Care home where unsupervised 90-year-old fell and broke his neck put into special measures by CQC
PUBLISHED: 22:11 13 May 2018 | UPDATED: 08:58 14 May 2018
A care home at which a 90-year-old with dementia and Parkinson’s fell and broke his neck has been put into special measures by the Care Quality Commission (CQC).
Peter Dawson died in hospital after suffering three unsupervised falls in one day at Brundall Care Home last September.
Following an inspection of the service in February, on May 4 the CQC rated the care home inadequate, saying they had “identified widespread failings in the service which put people at risk of harm”.
Eastern Healthcare Ltd, which runs the service for up to 39 people, said it has “introduced a robust improvement programme” to address the issues.
They included a “lack of oversight” of the risk of potentially fatal Legionella’s disease, a “lack of staff presence” for residents at risk of falls, “chaotic” meal times, and that the home “did not have sufficient end of life care plans in place”.
The CQC had previously taken enforcement action against the service after it was rated inadequate in two earlier inspections.
Despite a temporary improvement in 2016, inspectors this year found it “had not been sustained”.
Inspectors found the home in breach of six regulations in the Health and Social Care Act 2008 and that a GP had recently raised concerns about the service.
Their report added there was “ineffective oversight over falls and other incidents in the service”.

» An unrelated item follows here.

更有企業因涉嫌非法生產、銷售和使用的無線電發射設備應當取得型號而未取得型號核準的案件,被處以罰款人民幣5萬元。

“The manager told us there had been no falls in January or February 2018 and there were none noted on their record of falls,” inspectors said. “However, care records we reviewed and discussions with staff indicated that people had fallen in this time.

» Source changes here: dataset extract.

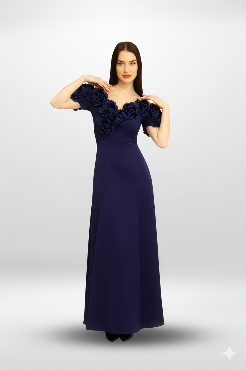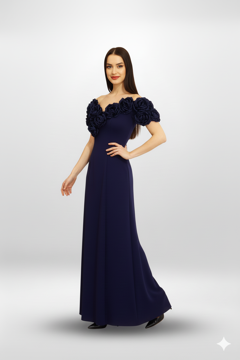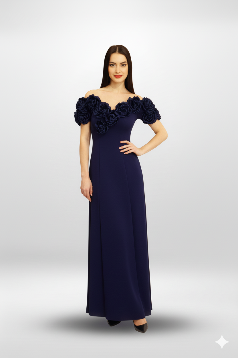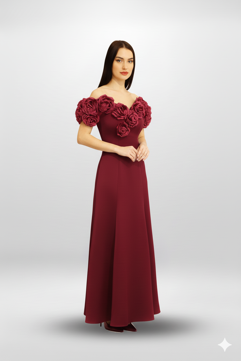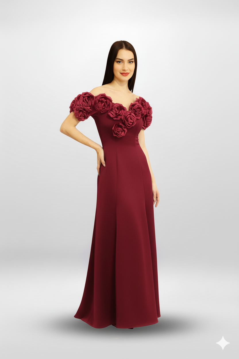 This elegant off-the-shoulder gown features beautiful rose detailing on the sleeves.

“In addition, the operations manager told us that one person was found on the floor earlier on the day of our inspection. “Care records indicated one person had fallen three times in 2018, but the manager was unaware of this and had not taken action to put in place strategies to reduce the risk of them falling again.”
“There were not enough staff to provide people with support when they needed it,” they added. “The manager told us there were three members of care staff and one team leader on each day shift. “The manager said there were six people using the service who may require the assistance of two care staff to mobilise or for personal care. “This meant that if two people required support at any one time there would be no care staff available to provide support to anyone else using the service.”
To read the CQC report click here.
Welfare of residents “top priority”
Inspectors from the Care Quality Commission said they were so concerned following the inspection they requested urgent information from Eastern Healthcare Ltd to reassure them they would take immediate action.
They said the response was “adequate in reassuring us that action was being taken to make the service safe”.
Marc Scott, operations manager at Brundall Care Home, added the team is busy addressing the issues identified by the CQC in February.
He said: “Eastern Healthcare Ltd have introduced a robust improvement programme working with and in partnership with outside professionals to comprehensively address the issues highlighted in the recent CQC report.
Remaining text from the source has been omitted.